All that public money investing in projects and the failing land strategy still seems to be let everyone build towers like the Guardian. I have touched on this before but all we are seeing is speculation driving up the cost of the land. CMLC says you can build 10 FAR in East Victoria Park even though it is currently an undesirable wasteland of underutilized gravel parking lots? Then the land is priced according to that unneccessarily high FAR. The Guardian saturated the demand for condos in that neighbourhood for 10+ years. The scale of these projects are far too big IMO. Give them up to 3 or 4 FAR for most of these sites. I would rather see this entire neighbourhood be built out as 6-storey apartments with stacked townhouses and townhouses towards the eastern edge and fill in these gravel parking lots as soon as possible. The land is worth whatever someone can make a development work at, not constantly waiting for some master-planned community vision to tell you that a 25 or 30 storey tower is just right. I would rather us see the community fully built out in 25 years with 6-storey buildings and some townhouses than see two more Guardian-sized towers in the same amount of time surrounding by a desolate wasteland. We don't have Vancouver or Toronto amounts of demand for apartments particularly in this prolonged economic downturn. Sell the lots for what someone can make money on today and it'll build out. The vision for and land strategy of East Victoria Park assumes levels of multi-family demand that will see full buildout probably not even within our lifetimes if we keep building huge ass towers that soak up all the demand for units in that neighbourhood for a decade. All of this investment of public dollars will push up the expectation for the land price you can sell it at and developers will only be able to make big developments work at those prices. It couldn't be more obvious that the majority of developers here are focused on selling the land for the highest price not building the best possible building they could for current conditions. To many land flippers and not enough developer/builders with vision that can execute. I genuinely think if you gave densities that are identical to University District this area would build out in no time and be more productive for people and the economy than whatever this land strategy is doing for us.

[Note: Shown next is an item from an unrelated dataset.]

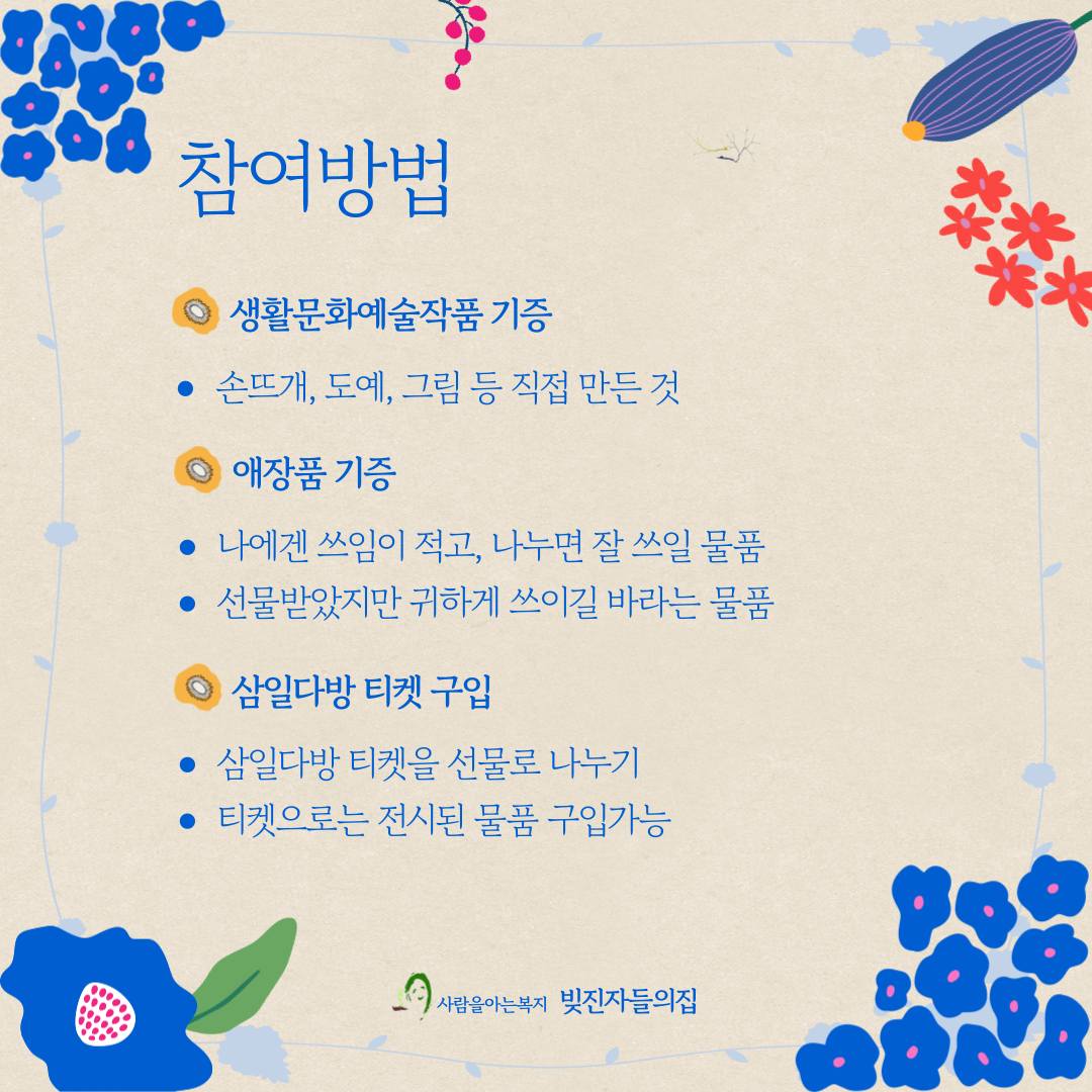 이를위해 빚진자들의집에서는 지금은 작품, 애장품을 받고 있다. 그림, 도예, 사진, 방짜유기, 조각, 서예, 등 직접 만든 작품, 또는 선물받았는데 사용하지 않은 물건이나 나누고싶은 물건을 기증받고 있다.(문의: 031-441-2888)

The problem isn't the zoning, the zoning is actually pretty on point for a city our size. A huge problem is that we don't charge an appropriate level of property taxes on suburban homes. The cost of servicing that kind of sprawl with infrastructure is significantly higher than inner-city communities, but the cost of living doesn't proportionally reflect that. What we're effectively doing is subsidizing our city to sprawl at the expense of everyone else, especially the dense urban neighborhoods.

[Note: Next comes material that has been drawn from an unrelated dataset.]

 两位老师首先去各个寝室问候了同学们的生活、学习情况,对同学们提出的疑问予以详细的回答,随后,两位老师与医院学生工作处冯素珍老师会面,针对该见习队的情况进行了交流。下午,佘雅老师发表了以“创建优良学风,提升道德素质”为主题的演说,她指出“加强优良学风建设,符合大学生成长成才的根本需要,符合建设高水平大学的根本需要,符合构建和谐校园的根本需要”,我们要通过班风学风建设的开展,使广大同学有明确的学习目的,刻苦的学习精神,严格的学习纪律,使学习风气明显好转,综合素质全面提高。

As a buyer not educated in urban planning, why wouldn't you want significantly more floor area for a lower cost? Of course its the same people who will never vote for an increase in their own property taxes, curse at bike lanes for being too expensive, and that widening roadways would solve congestion *internal scream*. Since municipal politicians serve voters, the policy follows. There's a reason many of the highest density cities in the world are the way they are, because they have geographic barriers limiting their growth outward.
TLDR: The problem isn't that we're overvaluing our inner-city lands, it's that the ones on the outside are proportionally too cheap.
Here's a few ways to fix our problems:
-Hard cap on greenfield development expanding the city,
nothing new outside what exists.
-Adjust property taxes to more accurately reflect cost of providing services, low density sprawl is a luxury that should be afforded.
-Significantly more incentives for affordable housing, not every new development needs marble counters. Recoup from increased tax revenue on sprawl.
-Require a percentage of each development be affordable, and a percentage of units with >2 bedrooms.
-Allow secondary suites everywhere, no more single family zoning.
-No minimum parking for new developments, developers will provide it where it makes sense. We already have >10M stalls in Calgary.
-No more widening roadways, induced demand is a death sentence.
-Focus on providing a
diversity of housing types/densities.
-Stop promising train lines to the edge of the city. If we want a train line from Inglewood to 16th Ave N, why do we have to build a stop to 130th Ave S too? If people in Seton wanted accessible transit, they wouldn't live in a suburban wasteland. It also prevents the, "why is it $4B" argument.
-Streetcars. We need a 17th Ave Streetcar, I can't believe we don't already.